# Problem: Need new Spindle bearings for my mid-70's SB 10L.



## mainspring (Nov 3, 2014)

Gents,

   Although I've been a machinist for a long time, i have never had to replace the 
    spindle bearings on a SB 10 L. I contacted SB/ Grizzly, but service has been poor.
    I can certainly take the head off, and disassemble it, but i have never pressed the
    gears off the spindle to to replace bearings. 
   Any suggestions?

    If there are no new bronze bearings available, I suppose i will have to make new ones.
    Before the bearing sleeve is split and dovetailed, how much clearance should it have
    in the ID compared to the spindle bearing diameter? I'm thinking around .001, when new.
    Any notions?

     Has anyone ever converted a SB to needle or roller bearings? There is room in the
     front bearing and head casting for low profile roller bearings, but it would have to be 
     line bored I think.

     I rebuilt a SB heavy 10 L, about 8 years ago, but the head was good, so i didn't need
     to do anything to it except adjust the shims.
     I had the bed creep feed ground in Los Angeles, and they did such a fine job,
     I had very little scraping to do. Just the alignments on the carriage, which got Turcite
     linings.New taper gibs, and some new nuts and screws finished the job.
     I replaced the tailstock spindle, and based the alignments on it, rather than on the old
     saggy spindle. 

      Enough rambling.

       Headstock spindle bearings?

Thanks!

         Phil


----------



## Jonesturf (Nov 3, 2014)

You could always keep an eye out for a headstock on eBay. The bearings come up often too. Pressing the gears off isn't hard. 
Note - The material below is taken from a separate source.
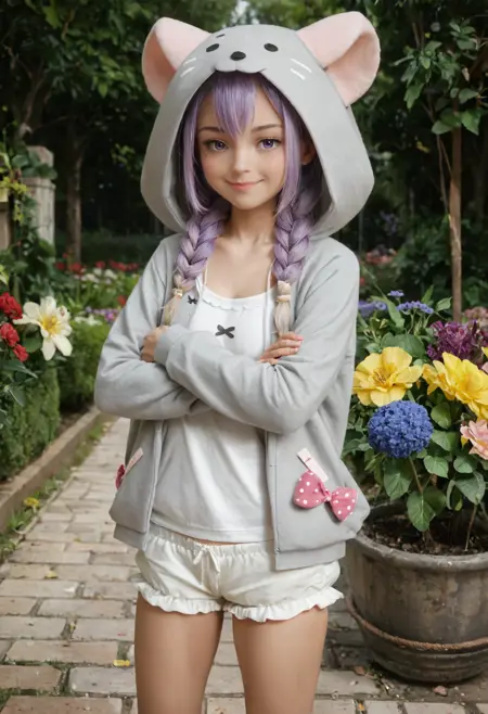 Everything workds pretty well except the bows on the hoodie outfit are a bit random. It's supposed to use "polka dot bow" but that often ends up giving polka dots elsewhere in the image too.

You can email Ted (latheman2@aol.com). He worked for South Bend and usually can get you what you need. 

Guys have made them too but that doesn't look like fun. 

If you end up with a camlock spindle you don't need shoot me a message haha 

Sent from my SAMSUNG-SGH-I317 using Tapatalk 2


----------



## Kernbigo (Nov 3, 2014)

scrape them in, it only takes time


----------



## mainspring (Nov 5, 2014)

Thanks, and I CAN scrape. When i started, lots of machines still had babbitt bearings!
 Phil


----------



## benmychree (Nov 5, 2014)

Needle bearings would tear up the spindle; it is necessary to run them against a hardened steel sleeve, and I doubt that they would be precise enough for a lathe spindle anyway.  Years ago, I made a new split bronze bearing for a South Bend that I had, but first it was necessary to have the spindle hard chromed and ground back to standard size, as they are quite soft and wear more than the bearings.  I roughed out the bearing, sawed it in half on the mill, then soft soldered it together and did the finish work.  When it was done I heated it to get the solder loose and lightly filed the joint to remove excess solder, installed the new bearings then scraped them to fit.  I'd say that .001 might be looser than you want; I'd keep them as tight as possible and still have a free running fit that does not heat excessively.  Another thing that I did was to  turn a recess in the center of the fit in the headstock that lined up with the oil hole, then milled a slot in the bottom half of the bearing and inserted a piece of hard felt into the slot to feed oil to the bearing, the turned recess acting as a reservoir, and the felt also acting to filter out any dirt or grit that might accompany the oil.  The bearings may be adjusted for wear by filing off the joining surfaces.


----------